Even if the declarant has personal knowledge of another person’s statement, the declarant’s representation about what he or she has heard or read will result in a hearsay objection. Common hearsay exceptions are a party’s admission (sec. 1220), adoptive admission (section 1221), authorized admission (sec. 1222), a prior inconsistent statement (sec. 1235), prior consistent statement (sec. 1236), spontaneous statement (sec. 1240), contemporaneous statement (sec. 1241), then existing state of mind (sec. 1250) and business record (sec. 1271). Note, as to the business records exception, the declarant must be familiar with the method of the record’s preparation, which the declarant may not have. A non-statutory hearsay exception is that the matter is not being offered for its truth but that argument, if made, undercuts the probative value of the evidence; for that reason, this response to a hearsay objection is better made at trial.
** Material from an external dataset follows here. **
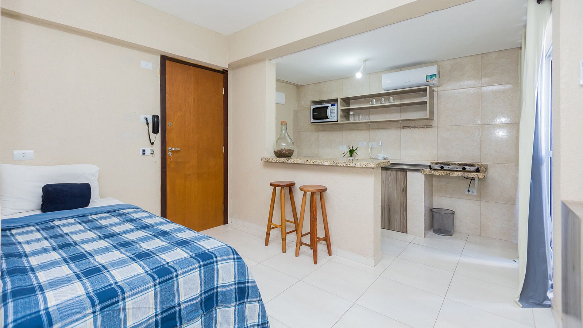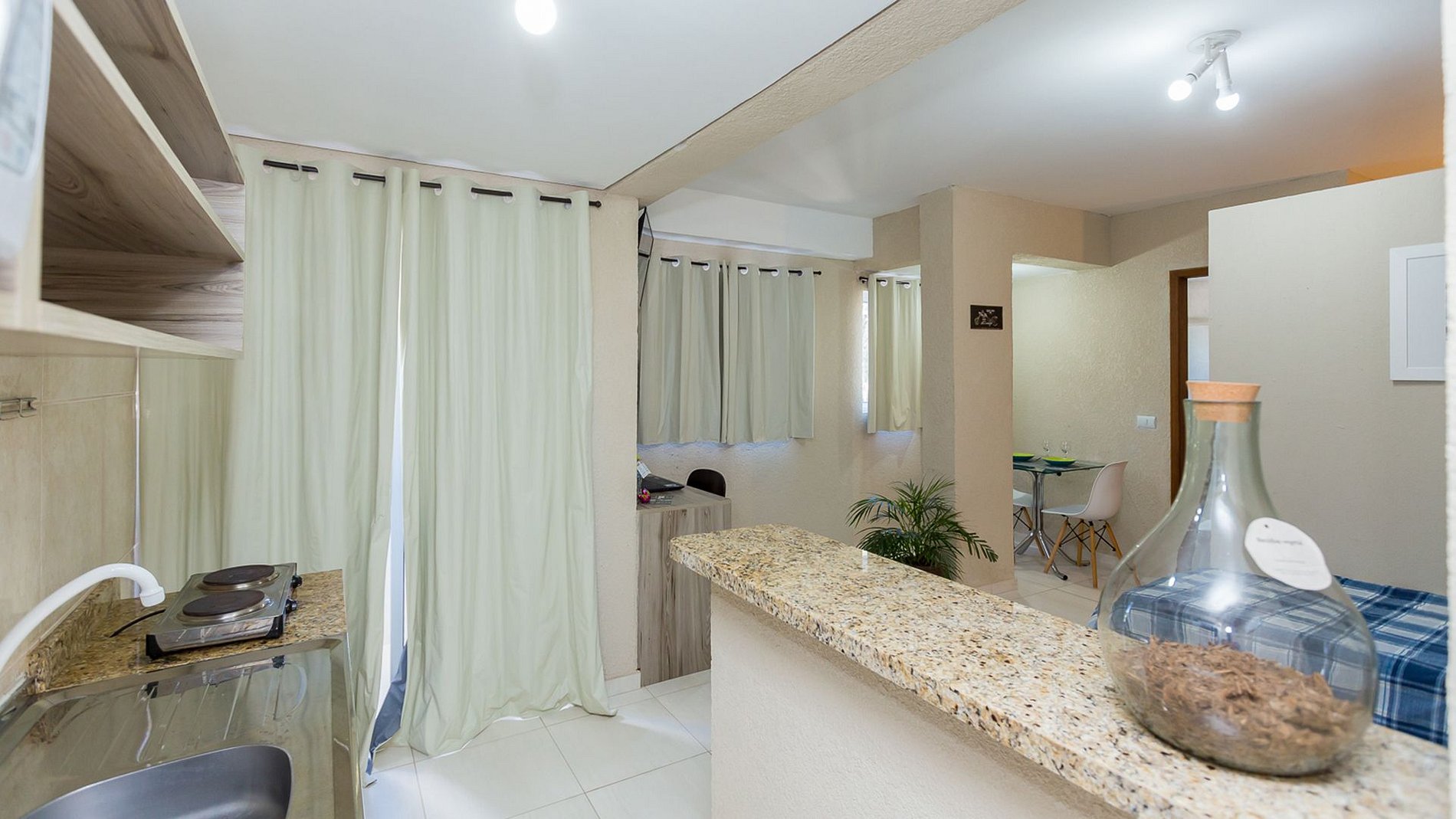 Unidade devidamente mobiliada, já com itens básicos de cozinha. Disponibilizamos todo o enxoval no ato do check-in e aceitamos várias formas de pagamento. Na recepção temos secador de cabelo e ferro de passar roupa. A partir de 5 diárias, o hóspede terá direito a uma limpeza adicional sem custo.

Lay witnesses can “authenticate” a writing, pursuant to Evid. Code sec. 1400, if they can show familiarity with the writing. The declarant must have some knowledge about the preparation of the writing, as an example, by being able to identify the handwriting or signature on the document. (Ruiz v. Moss Brothers Auto Group, Inc. (2014) 232 Cal.App.4th 836, 846 [motion to compel arbitration properly denied where plaintiff did not recall signing the arbitration agreement and the moving party did not show that the signature on the agreement was the plaintiff’s].) Authentication may also be established by asking the opposing party to admit the existence of the writing or asking the author of the writing at deposition to identify the document. Merely attaching a writing as an exhibit to a declaration, without more, does not authenticate that exhibit. (Serri v. Santa Clara University (2014) 226 Cal.App.4th 830, 855 [unsigned handwritten notes unaccompanied by other evidence of their authorship in opposition to an MSJ were properly excluded for lack of authentication].)
It is common for a declarant to offer an opinion that a party is a good person, honest and hard working. However, evidence of a person’s good character is inadmissible to support the credibility of that person unless evidence of the party’s bad character has been admitted for the purpose of attacking his or her credibility. (Evid. Code sec. 790.) Should plaintiffs object to such an opinion, the defendants might contend that the complaints’ causes of action attacked their credibility, while plaintiffs might argue in response to a similar objection by defendants that their answers to the allegations inferentially challenged the plaintiffs’ respective credibility.